Which is crazy huge! As (1-10.1%)^24 = 1/12.9, the same size effect for each of the 24 months in this period implies 13x lower mortality for the fully insured, over fully uninsured. Which is surely an effect we’d have noticed in health on medicine regressions. They agree this is implausibly large, and are embarrassed that their 95% confidence OLS and IV intervals don’t even overlap. But they note that the low end of their 95% confidence range is only 2.2%, which only implies the fully insured have 41% lower mortality than the fully uninsured, for this age range.

Now while their OLS estimate of the effect of treatment on mortality is only significant at the 1% level (and that exaggerated by selection bias), their OLS estimate of the effect of more insurance on mortality looks much stronger. At least if we could believe their Table IV which gives an estimate there of -0.026 and a standard error 0.001, for a crazy huge ratio of 26! But as they never even discuss this crazy huge significance in the text, I have to suspect that this is just a table typo. 

Btw, the Karnataka paper mentions other randomized trials that I haven’t looked at, but hope to soon: 

This specific result is consistent with results from all other RCTS of health insurance conducted in lower-income countries (Haushofer et al., 2020; King et al., 2009; Levine, Polimeni and Ramage, 2016; Thornton et al., 2010). 

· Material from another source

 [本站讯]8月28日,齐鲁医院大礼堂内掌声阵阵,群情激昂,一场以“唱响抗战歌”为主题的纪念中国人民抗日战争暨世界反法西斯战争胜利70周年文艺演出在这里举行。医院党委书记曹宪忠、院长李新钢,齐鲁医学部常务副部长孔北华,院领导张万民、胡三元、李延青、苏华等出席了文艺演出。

To summarize, contra Scott, I only claim that the aggregate health effect of marginal medicine is typically small, and of low economic value relative to costs, but not zero. While many studies claim to show otherwise for specific treatments, those tend to be quite biased, pushing me to focus on our least bias-able studies: randomized trials of aggregate medicine. I say that they still consistently fail to find clear effects. 

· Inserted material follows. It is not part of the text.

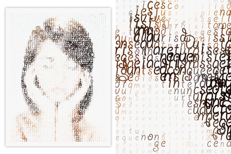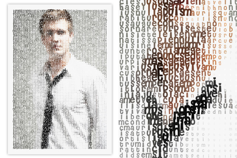 With Typo-Painter for Adobe Photoshop, you can create cool typographic designs and portraits from your photos. The result can also be saved in vector EPS format and can be edited using vector tools like Adobe Illustrator or CorelDraw. You can use your own text, or the plugin will use a long Lorem Ipsum phrase.

Yes, this is in part because these studies aren’t larger. But the first experiment, RAND, was funded in part because many expected it to show that more medicine caused much more health, which would help them argue for giving everyone free medicine.  That is why the main book on it was called Free for All?. Not seeing results was in fact surprising to its sponsors, and these null results continue to be surprising to most everyone who learns of them.

Added 3p: OK, I looked at those 4 further randomized experiments.  

In Kenya, 789 workers were split into 3 groups: free, paid cash of premium, no help. Free folk had lower cortisol and stress levels. 

In Nicaragua, 2608 people were randomly assigned different health insurance prices, 20% took insurance, and a year later they saw no change in medical utilization.

In Cambodia, 5000 households were randomly assigned different health insurance prices. Those given lower prices were less likely to take on new debt due to a bad health shock. No change was seen in how much medical care people sought.

In Mexico, for 534,500 people living in 148 geographic areas, in random matched pairs, one of each pair was given more resources to upgrade facilities, and people there were encouraged to enroll in insurance. After ten months, barely 5% significant effects on catastrophic spending overall and for poor, and on health spending of poor. No effects on overall spending health outcomes, or medical utilization.

So not seeing any effects on medical utilization, these studies can’t speak to the effect of medicine on health.

Added 7a: Scott says he’ll reply:

6: Robin Hanson wrote a response to my piece arguing against his healthcare views. I’ll probably have a response up sometime in the next week or two if I don’t get distracted.

Scott replied on April 30, and on that day I also wrote a second response to him.

Added 1June: On May 10, Scott replied to that:

I basically agree with this, and apologize to Robin for being suspicious of his position. I think this is a pretty reasonable position, not too far away from mine (although I still disagree on the insurance studies).